若者が全身で大役をつとめたさまを目の当たりにした喜びがあふれ、こちらまで胸が躍るように嬉しくなる一文だ。
それから10年めの2010年4月、歌舞伎座さよなら公演の最後の演目が『助六』であった。そのとき助六を演じた十二代目市川団十郎が、いまこの世にいないことを誰が想像しただろうか。新しい歌舞伎座が開場した祝いの舞台、父が演じるはずだった助六を海老蔵がつとめる。華やかで賑々しい『助六』なのに胸がつまる。
初役の助六と、何度も演じて「すっかり手に入っている」(朝日新聞劇評)とのことだが、どこがどうなのか自分にはしかとわからず、ずいぶん喉を閉めたような声を出すのだなと思うくらいである。楽しみにしていた花道の出であるが、ずいぶんみやすくなった三階席とはいえ、やはりたっぷりとみることはできなかった。これはいたしかたない。
今回おもしろかったのは白酒売の尾上菊五郎と、通人の坂東三津五郎である。前者は白酒売りに身をやつしているが、じつは助六の兄である。弟にくらべると腕っぷしはさっぱり、しかし何とか喧嘩らしきものをしてみようと教えを乞う。足の踏み込みかた、啖呵の切りかた、いずれをとってもなよなよとして、それこそ何度もみて知っているのだが、何度みてもおもしろい。
また台詞に時事的な話題を盛り込みながら満場の笑いをかっさらう通人、これも「3年まえのさよなら公演では勘三郎がやったのに」と悲しみがよぎるけれども、坂東三津五郎が達者で惚れぼれするような通人ぶりをみせる。現在大流行中の「じぇじぇ!」も、「今でしょ!」も予想通り。客席は大爆笑だ。

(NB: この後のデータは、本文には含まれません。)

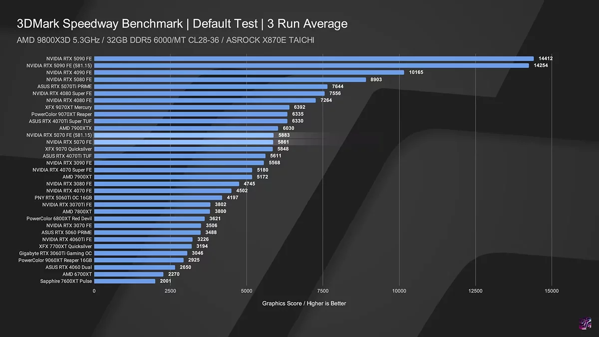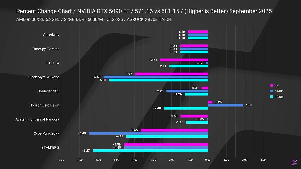 В ході тестування використовувалися як синтетичні бенчмарки Speedway і Time Spy Extreme, так і набір сучасних ігор, включаючи Cyberpunk 2077, Black Myth: Wukong і S.T.A.L.K.E.R. 2. Результати показали послідовне падіння частоти кадрів після встановлення свіжого драйвера версії 581.15 порівняно з більш старим 572.16.
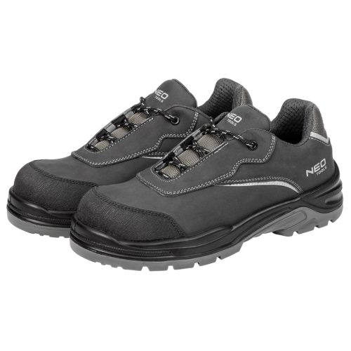 Munkacipő, S3 SRC, fém részektől mentes, hasított bőr, fokozottan ellenáll az átnedvesedésnek, fényvisszaverő betétek, rázkódást elnyelő csúszásgátló talp, kopásnak, olajnak, benzinnek és egyéb organikus hígítónak ellenálló két sűrűségű PU talp, 200J ütésnek ellenálló orrvédelem, átszúrásnak ellenálló kevlár betét, antielektrosztatikus betét, fényvisszaverő cérnával készült cipőfűző, Oxford szövettel megerősített cipőnyelv, S3 SRC kategóriájú, csúszásmentes, CE tanúsítvány, méret 46 A Neo S3 nubuk bőr munkacipő védi a lábat a hideg és a vízzel való átázás ellen. Nagyon kényelmesek, nem tartalmaz fémelemeket ezért a fémdetektorok számára észrevehetetlenné teszi őket. Jellemzők: rezgéscsillapító csúszásmentes talp, amely ellenáll kopásnak, az olajnak, a benzinnek és más egyéb vegyületeknek. Átszúrás elleni kevlár talp ami jó kopásállóságú. A cipő CE tanúsítvánnyal rendelkezik, megfelel az EN:ISO 20345:2011 szabványnak.
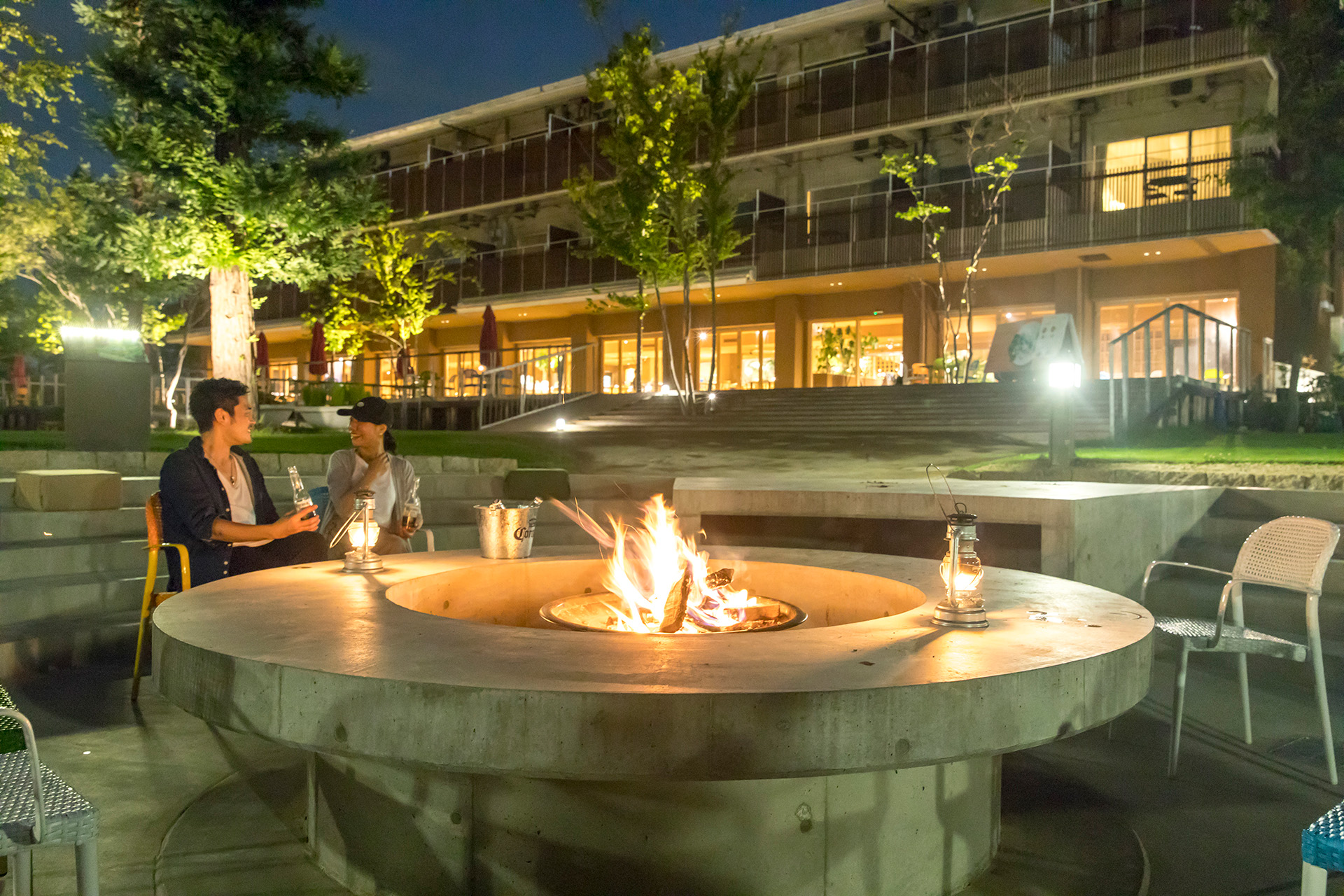 夜は庭園の宿泊者専用焚き火リビングで、ゆらめく火を囲みながらワインなどのお酒やドリンクを楽しめます。
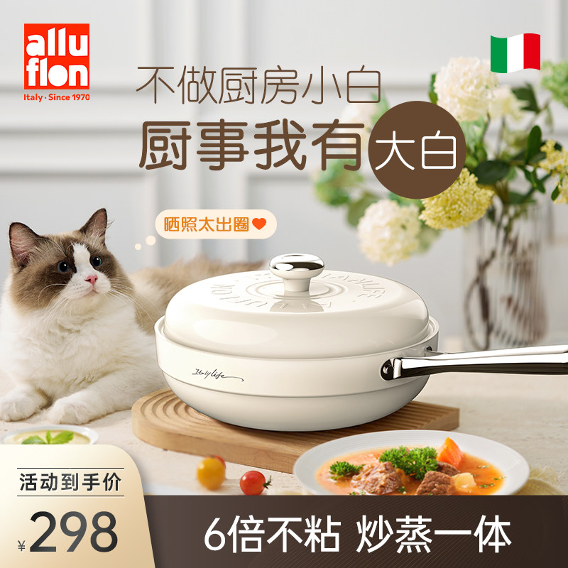 Alluflon阿尔贝罗大白锅不粘锅炒蒸一体炒菜锅家用炒锅电磁炉适用
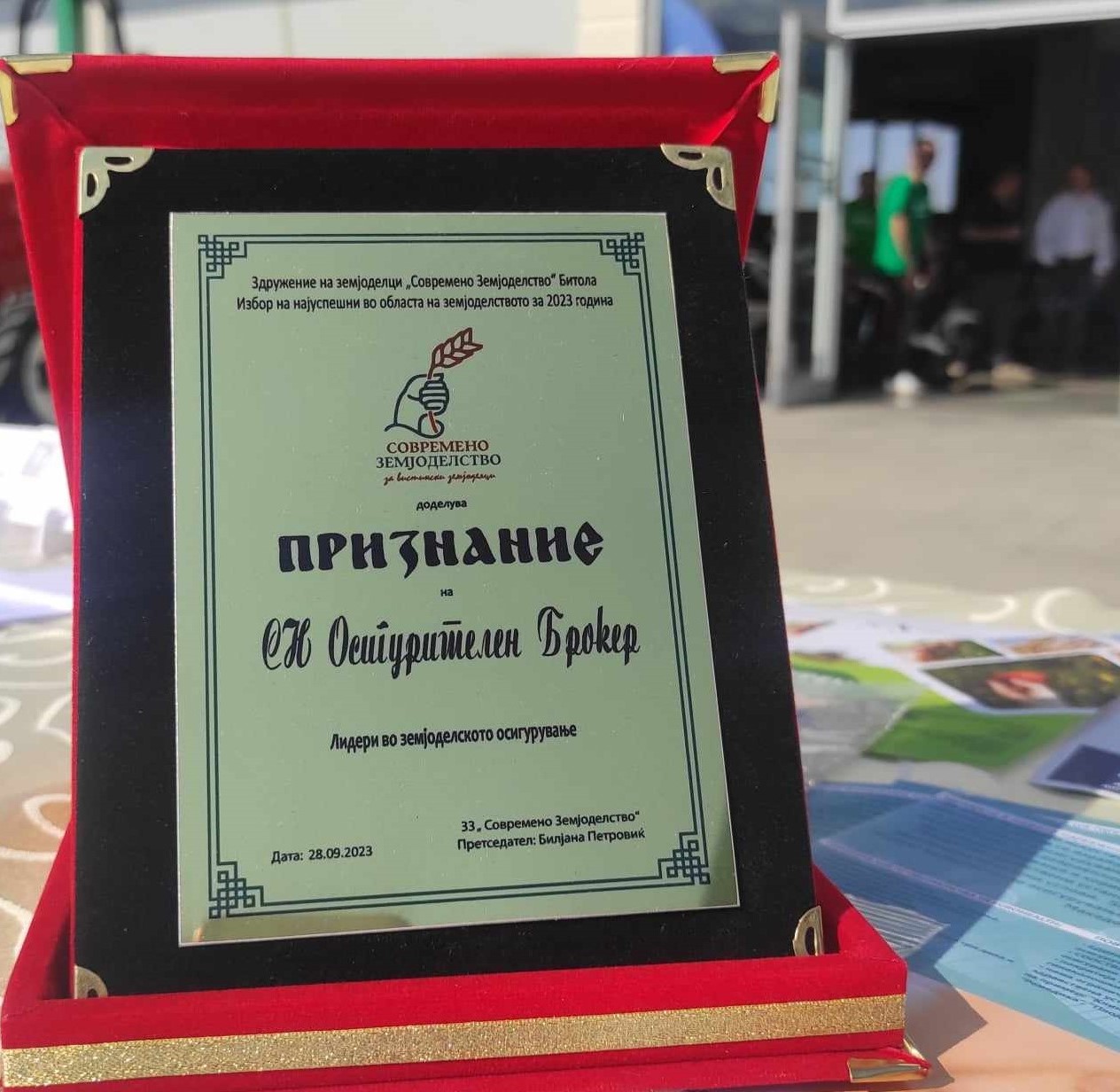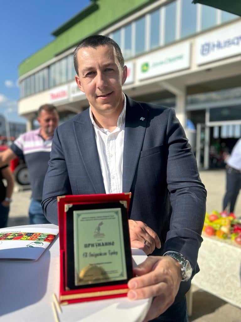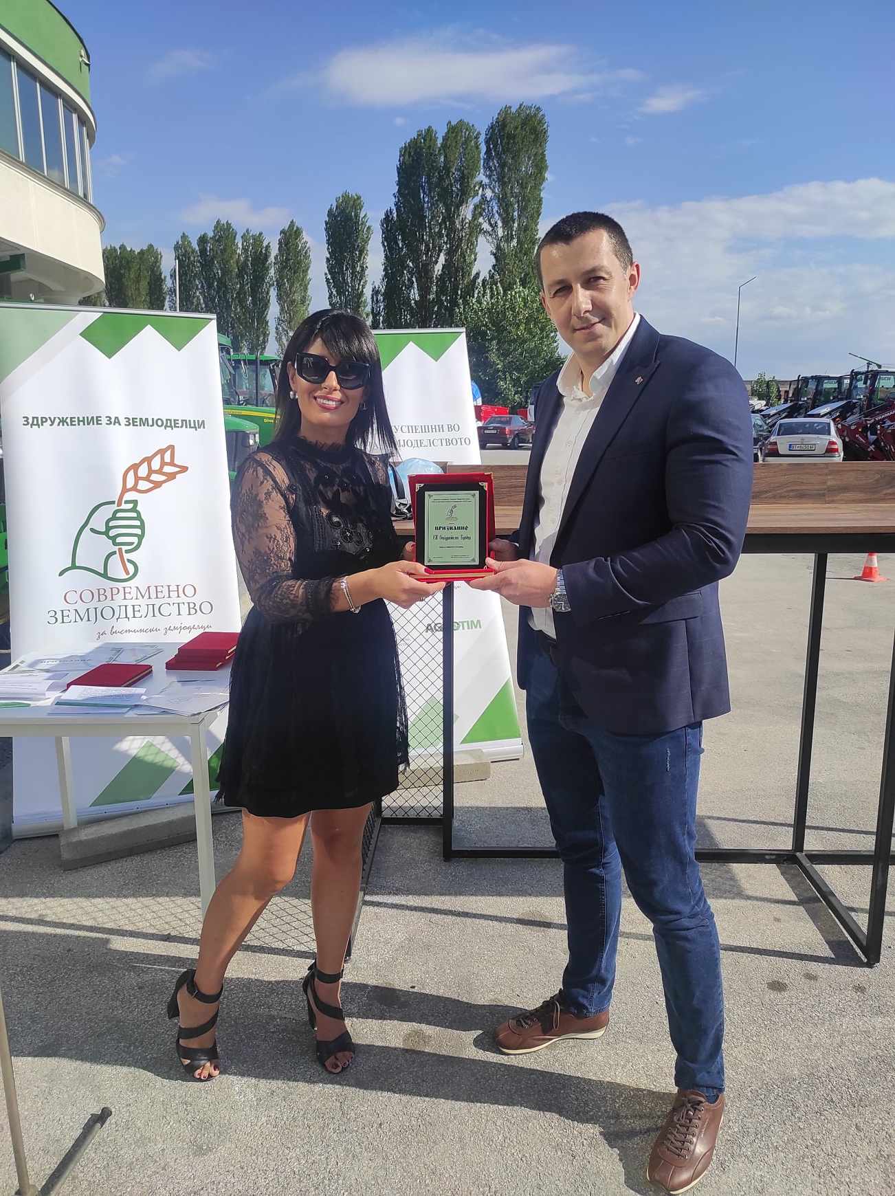 На церемонија на доделување на наградите во Битола, претседателката на „Современо земјоделство“, Билјана Петровиќ му го врачи признанието на Таше Наумовски – Раководител на експозитура во Ресен и виш соработник на сектор земјоделие во СН Осигурителен Брокер АД Битола.
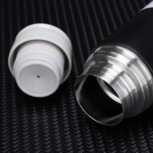 Между корпусом и колбой находится слой вакуума, благеодаря которому термос сохраняет температуру напитка.
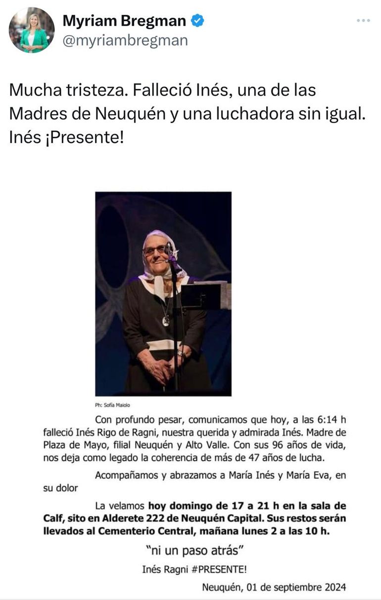 Myriam Bregman, ex diputada por el Frente de Izquierda y de los Trabajadores, tenía una llegada cercana a Ragni, en distintas visita que hizo a la provincia de Neuquén y escribió en su cuenta de X (Ex Twitter). "Mucha tristeza. Falleció Inés, una de las Madres de Neuquén y luchadora sin igual. Inés ¡Presente!", escribió "La Rusa", dirigente del Partido de los Trabajadores socialistas (PTS).

十二代目団十郎が亡くなったことに触れないわけにはゆかず、現実には悲しいこともたくさんあるが、海老蔵に長男が生まれたことなど嬉しいできごともあって、「きっと天から見守ってくれるでしょう」とほろりとさせるあたり、この演目における通人の役割は、舞台と客席、虚構の世界と現実世界を軽やかに行き来し、つなぐことにあると実感させられた。
美しい人気役者が勢ぞろいする華やかな舞台だが、これといってテーマがあるわけではなし、はじまってから主役の助六が登場するまでに小一時間もかかるなど、「ちんたらした芝居だなぁ」(失礼)という印象でとらえていたのだが、先月の『廓文章』と同じく、この演目がもたらす幸福感はもっと深いところにある。
長い年月を越えて上演がつづき、観客に愛されていることには理由があるのだ。